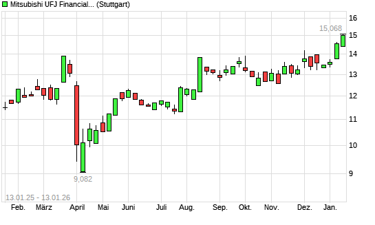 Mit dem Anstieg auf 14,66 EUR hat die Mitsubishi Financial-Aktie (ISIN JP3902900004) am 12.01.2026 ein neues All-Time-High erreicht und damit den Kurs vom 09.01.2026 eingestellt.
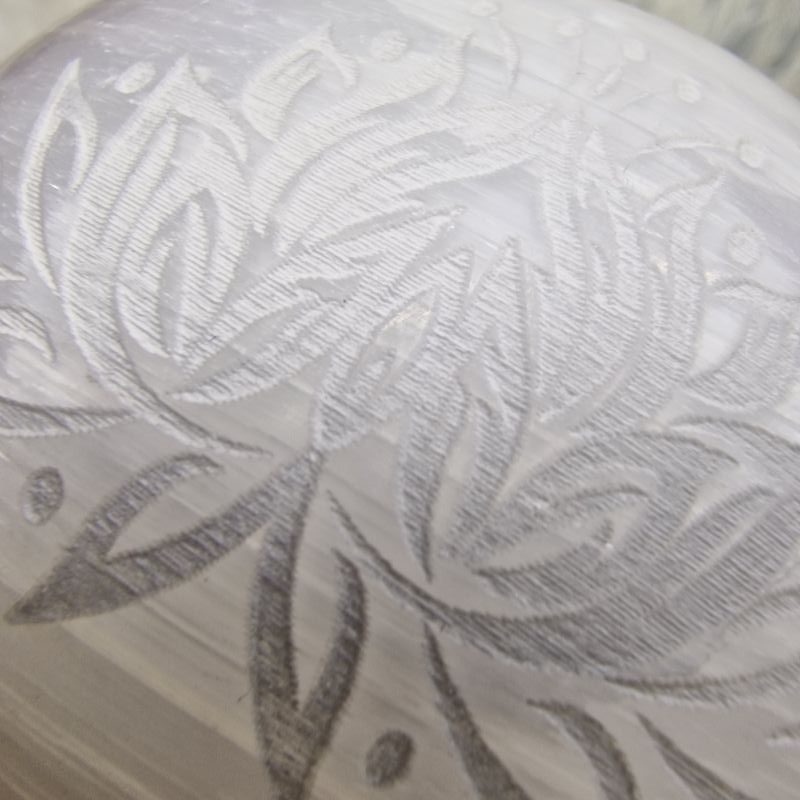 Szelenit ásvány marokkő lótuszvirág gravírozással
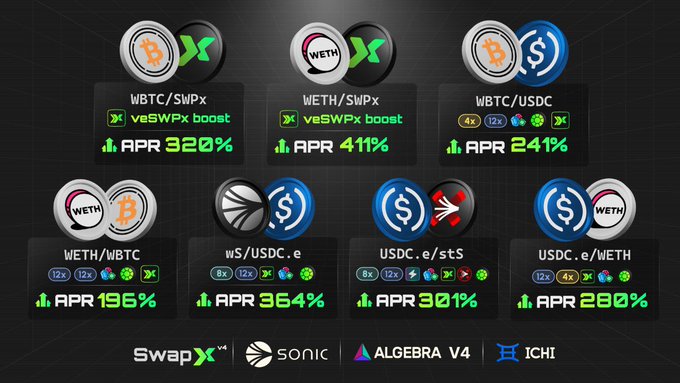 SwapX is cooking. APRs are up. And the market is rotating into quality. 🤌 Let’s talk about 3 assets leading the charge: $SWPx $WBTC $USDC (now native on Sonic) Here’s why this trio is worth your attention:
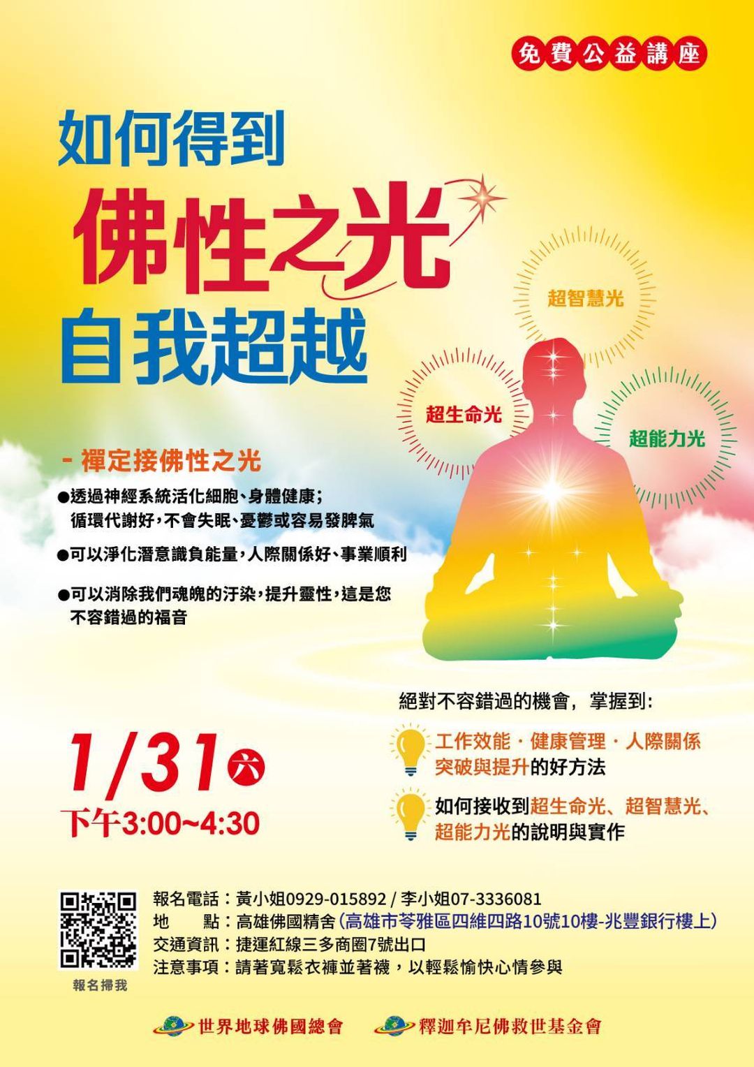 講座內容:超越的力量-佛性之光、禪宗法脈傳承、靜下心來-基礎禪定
┄┄┄┄┄┄┄┄┄┄
Description of the task
Make an exact copy of the lines from the one holding "Szelenit ásvány marokkő" through the end of the material, both ends included, and keep the pictures out of it.

Exercise output
 Szelenit ásvány marokkő lótuszvirág gravírozással
 SwapX is cooking. APRs are up. And the market is rotating into quality. 🤌 Let’s talk about 3 assets leading the charge: $SWPx $WBTC $USDC (now native on Sonic) Here’s why this trio is worth your attention:
 講座內容:超越的力量-佛性之光、禪宗法脈傳承、靜下心來-基礎禪定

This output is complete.